PROMPT ▸ Skip any pictures. Repeat the data exactly, from its first line through the line that holds "Two pair of", both included.
START DATA EXTRACT
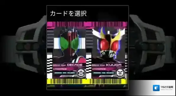 1、进入游戏后可手动操作DecaDriver腰带,两侧点击打开卡槽界面,浏览并挑选自己想要变身的假面骑士卡片。
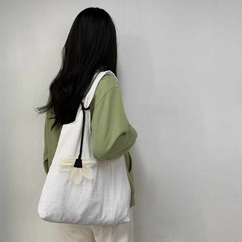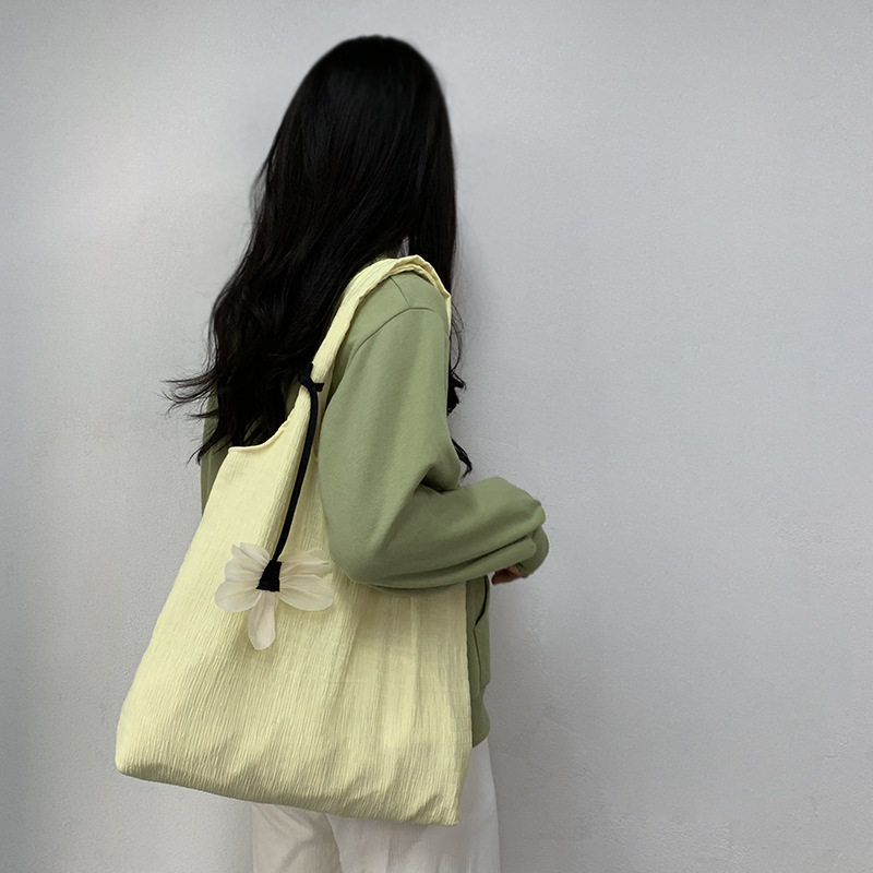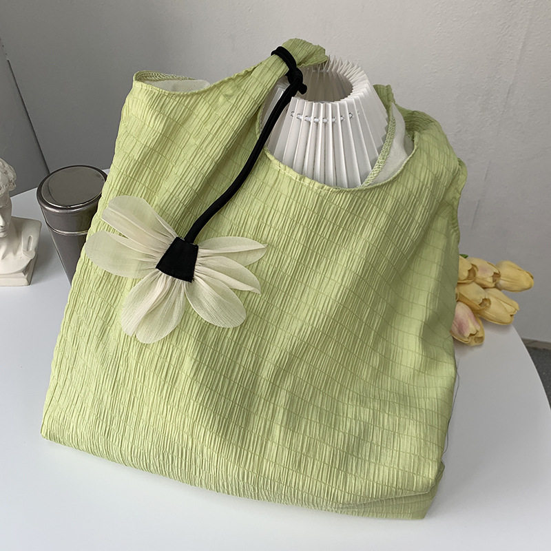Green summer small fresh lace flower vest bag large capacity dopamine color fairy style shoulder handbag
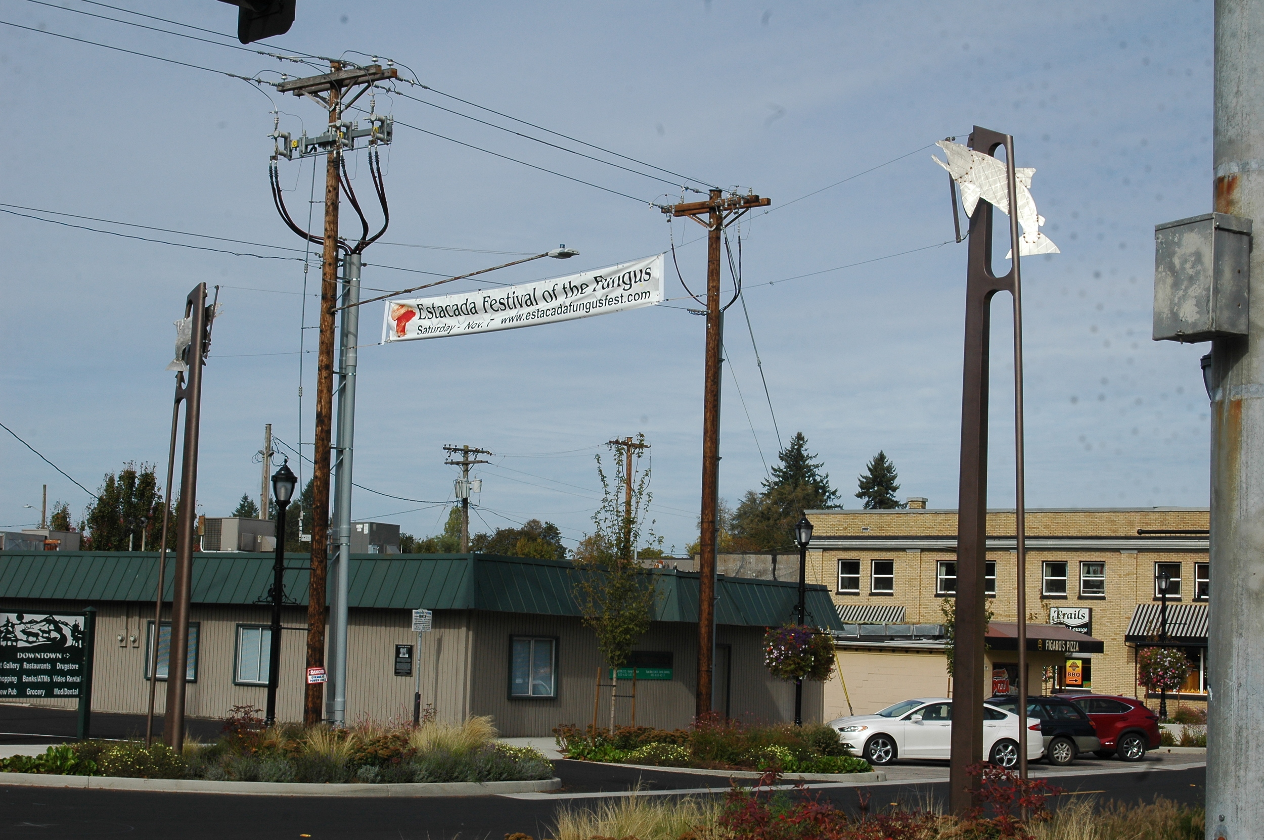 Two pair of poles located at the Estacada town entrance featuring a self-hoisting availability.
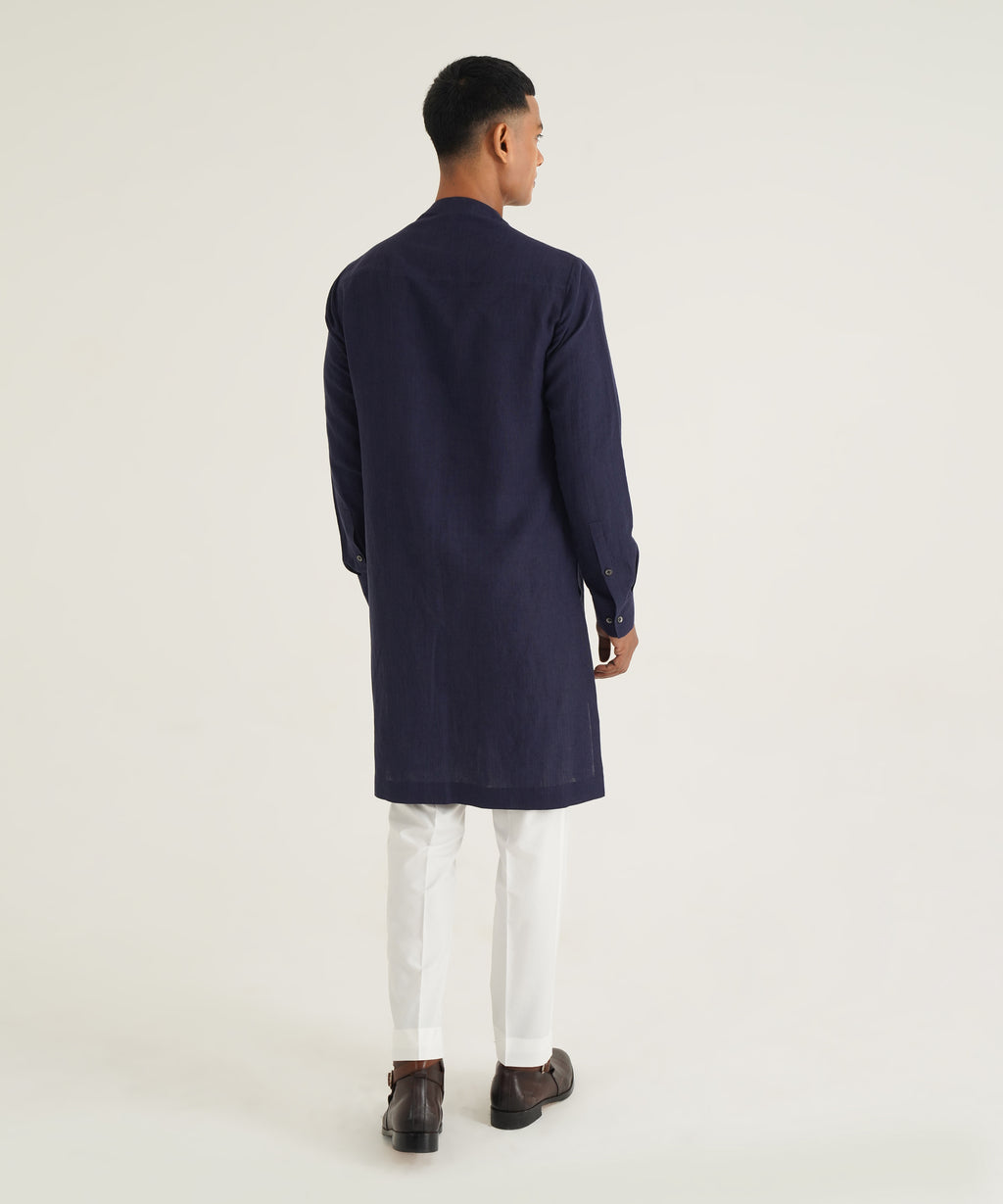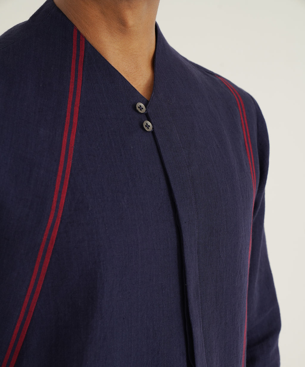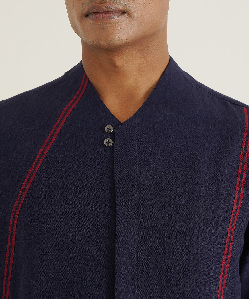Handloom Cotton Kurta With Asymmetric Selvage Detailing Paired With Pant Style Pajama.
END DATA EXTRACT
RESULT OF THIS TASK ▸
 1、进入游戏后可手动操作DecaDriver腰带,两侧点击打开卡槽界面,浏览并挑选自己想要变身的假面骑士卡片。
Green summer small fresh lace flower vest bag large capacity dopamine color fairy style shoulder handbag
 Two pair of poles located at the Estacada town entrance featuring a self-hoisting availability.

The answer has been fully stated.